[Start of Attachment]

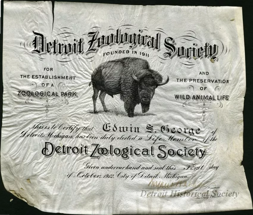 Detroit Zoological Society certificate signifying the life membership of Edwin S. George in the organization, dated October 1, 1912. The certificate is signed by the society's president, Bryant Walker, and secretary of director, Richard E. Follett. The document is printed on parchment and features an engraving of a bison, as well as the header, "Detroit Zoological Society, Founded in 1911 for Establishment of a Zoological Park and the Preservation of Wild Animal Life."
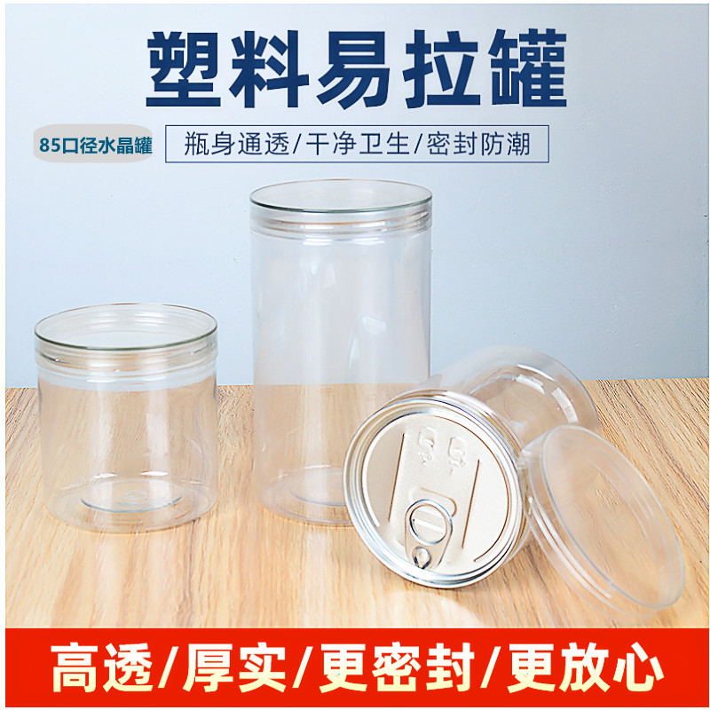 85口水晶蓋缶pet透明密封缶円形食品級広口瓶缶包装ロット
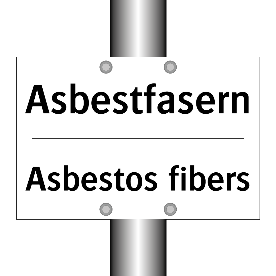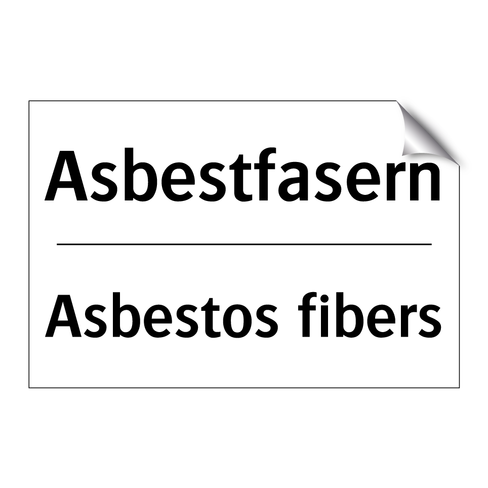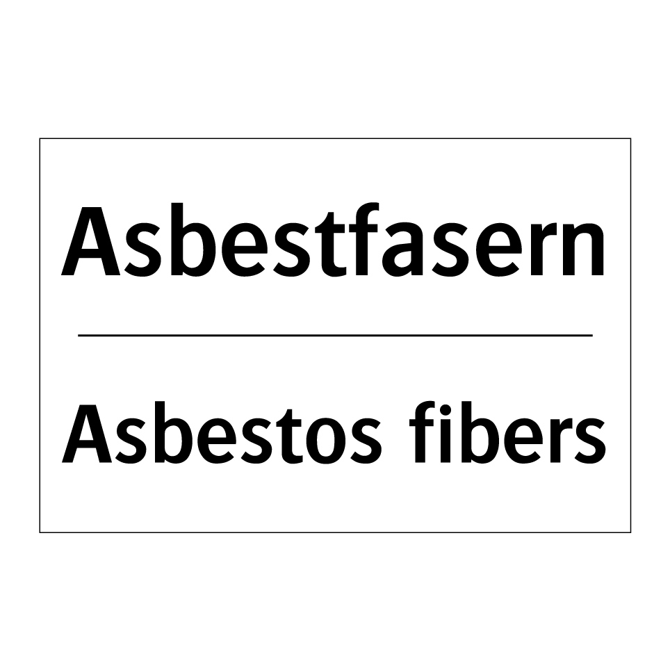 Zweisprachiges Verbotsschild mit deutschem Text Asbestfasern und englischem Text Asbestos fibers

[End of Attachment]

Only the pictures stay out; everything else in the listing above must be repeated exactly.

 Detroit Zoological Society certificate signifying the life membership of Edwin S. George in the organization, dated October 1, 1912. The certificate is signed by the society's president, Bryant Walker, and secretary of director, Richard E. Follett. The document is printed on parchment and features an engraving of a bison, as well as the header, "Detroit Zoological Society, Founded in 1911 for Establishment of a Zoological Park and the Preservation of Wild Animal Life."
 85口水晶蓋缶pet透明密封缶円形食品級広口瓶缶包装ロット
 Zweisprachiges Verbotsschild mit deutschem Text Asbestfasern und englischem Text Asbestos fibers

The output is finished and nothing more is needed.